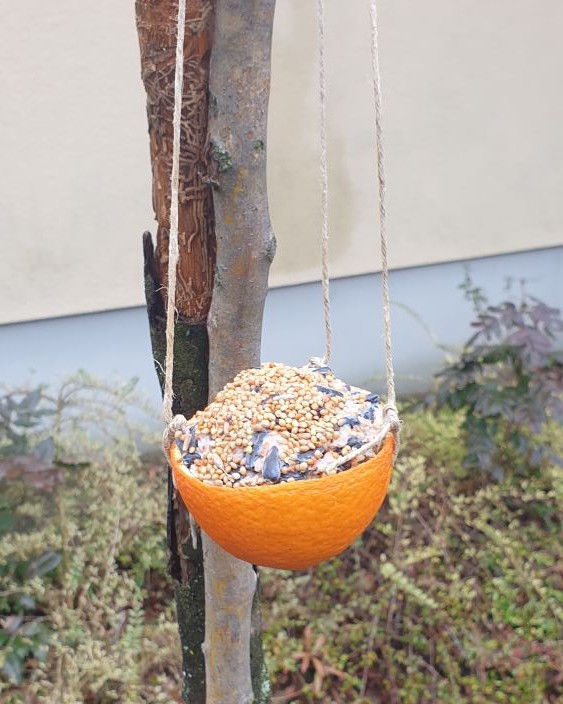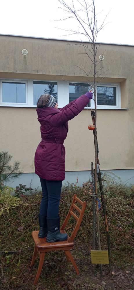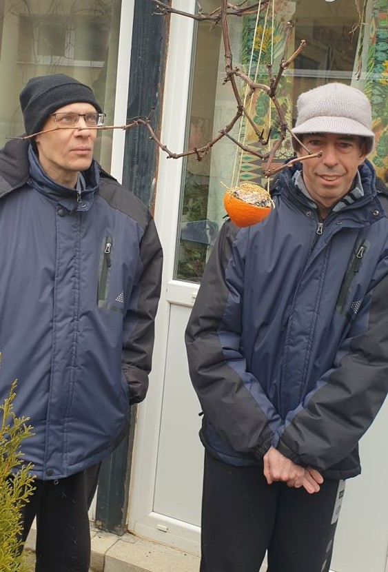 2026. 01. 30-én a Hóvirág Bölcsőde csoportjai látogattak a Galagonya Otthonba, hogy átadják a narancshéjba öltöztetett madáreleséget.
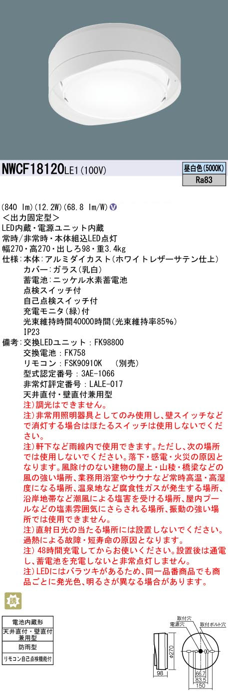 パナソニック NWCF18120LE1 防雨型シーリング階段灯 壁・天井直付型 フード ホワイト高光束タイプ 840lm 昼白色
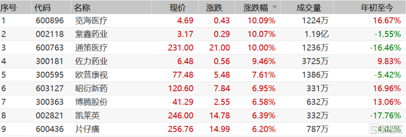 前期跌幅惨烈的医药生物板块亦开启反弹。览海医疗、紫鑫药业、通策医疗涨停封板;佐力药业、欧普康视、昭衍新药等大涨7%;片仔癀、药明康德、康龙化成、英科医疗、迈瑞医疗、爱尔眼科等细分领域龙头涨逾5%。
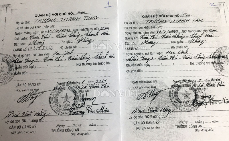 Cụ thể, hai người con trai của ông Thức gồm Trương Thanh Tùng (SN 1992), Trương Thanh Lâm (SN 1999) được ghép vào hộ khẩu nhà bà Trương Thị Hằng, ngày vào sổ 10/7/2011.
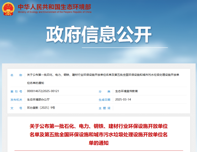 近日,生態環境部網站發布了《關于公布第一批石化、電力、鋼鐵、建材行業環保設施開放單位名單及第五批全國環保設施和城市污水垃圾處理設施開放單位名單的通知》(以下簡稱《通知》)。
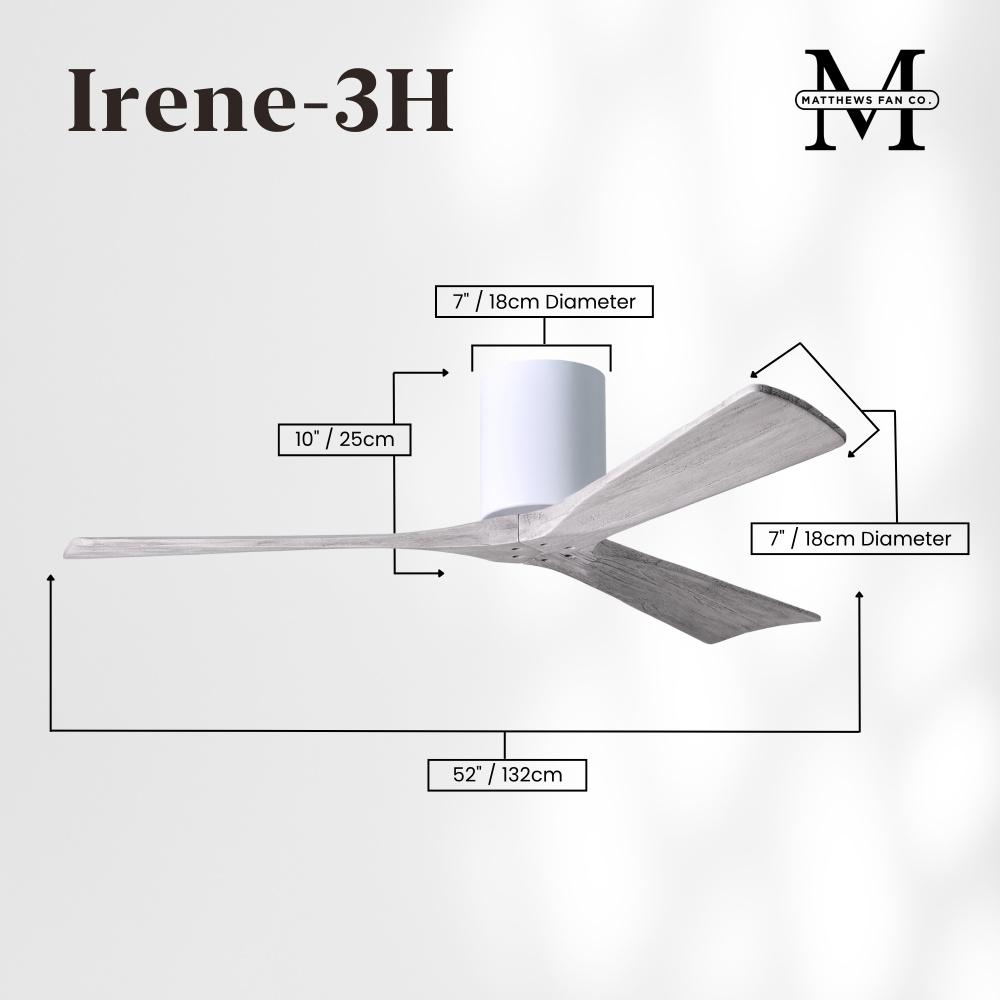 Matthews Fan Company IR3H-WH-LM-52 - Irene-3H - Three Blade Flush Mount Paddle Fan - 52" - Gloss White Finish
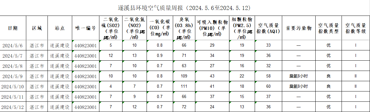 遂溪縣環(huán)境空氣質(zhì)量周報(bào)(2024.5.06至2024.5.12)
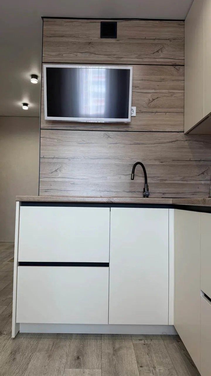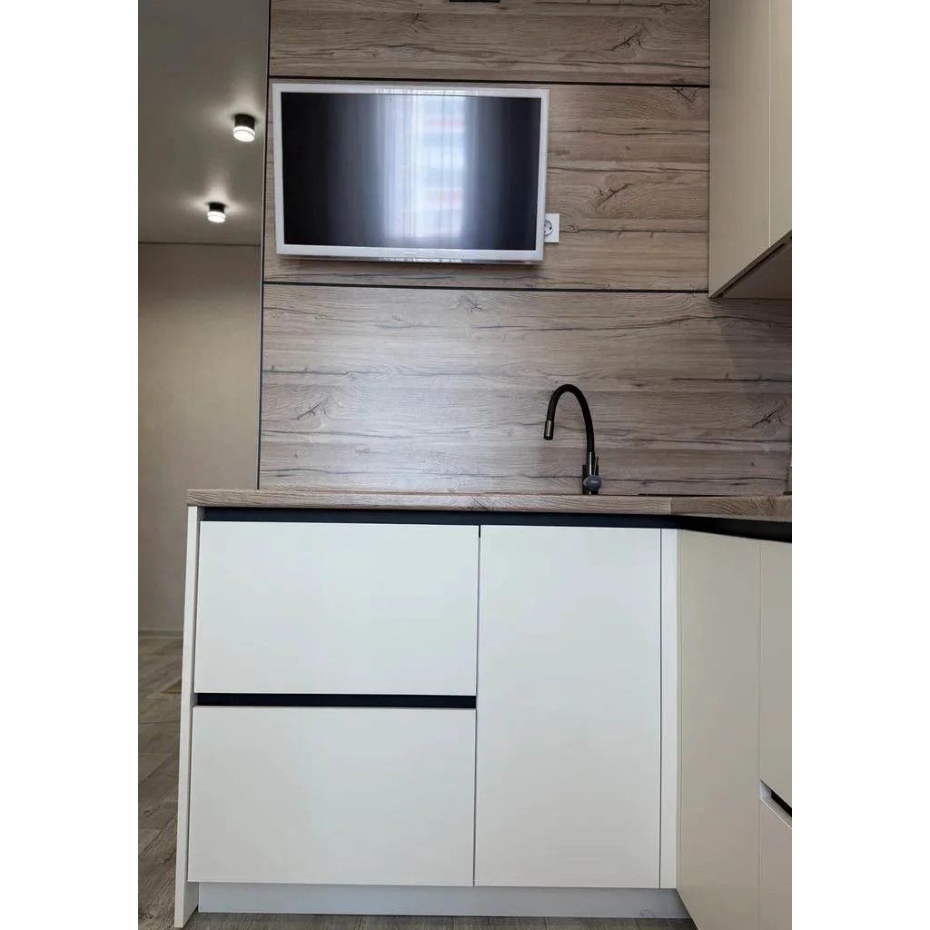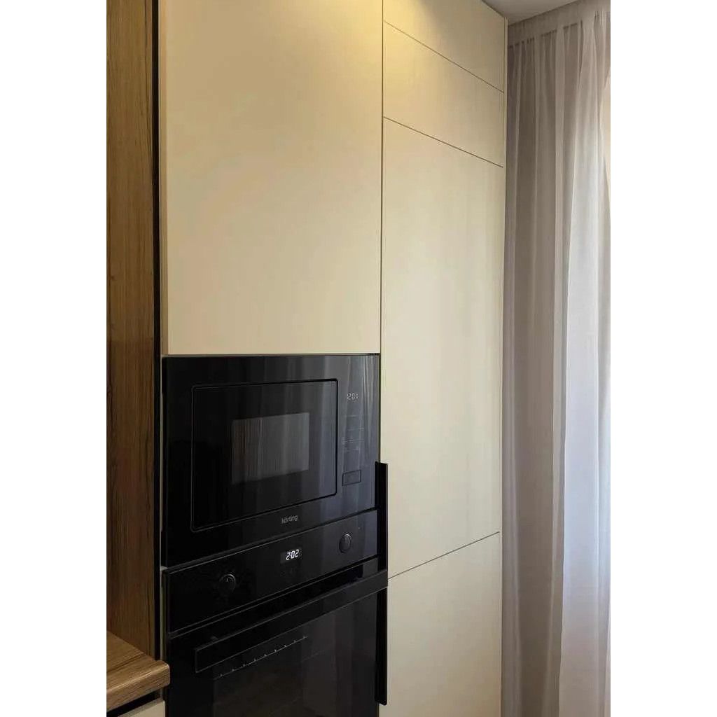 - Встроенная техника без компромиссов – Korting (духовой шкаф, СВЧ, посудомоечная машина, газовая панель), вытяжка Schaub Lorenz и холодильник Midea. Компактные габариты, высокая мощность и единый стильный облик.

----------------------------------------

# [Task to carry out]
Keep out the pictures, and copy exactly the lines from the one that contains "Matthews Fan Company" through the final line of the records above, both ends included.

# [Solution]
 Matthews Fan Company IR3H-WH-LM-52 - Irene-3H - Three Blade Flush Mount Paddle Fan - 52" - Gloss White Finish
 遂溪縣環(huán)境空氣質(zhì)量周報(bào)(2024.5.06至2024.5.12)
 - Встроенная техника без компромиссов – Korting (духовой шкаф, СВЧ, посудомоечная машина, газовая панель), вытяжка Schaub Lorenz и холодильник Midea. Компактные габариты, высокая мощность и единый стильный облик.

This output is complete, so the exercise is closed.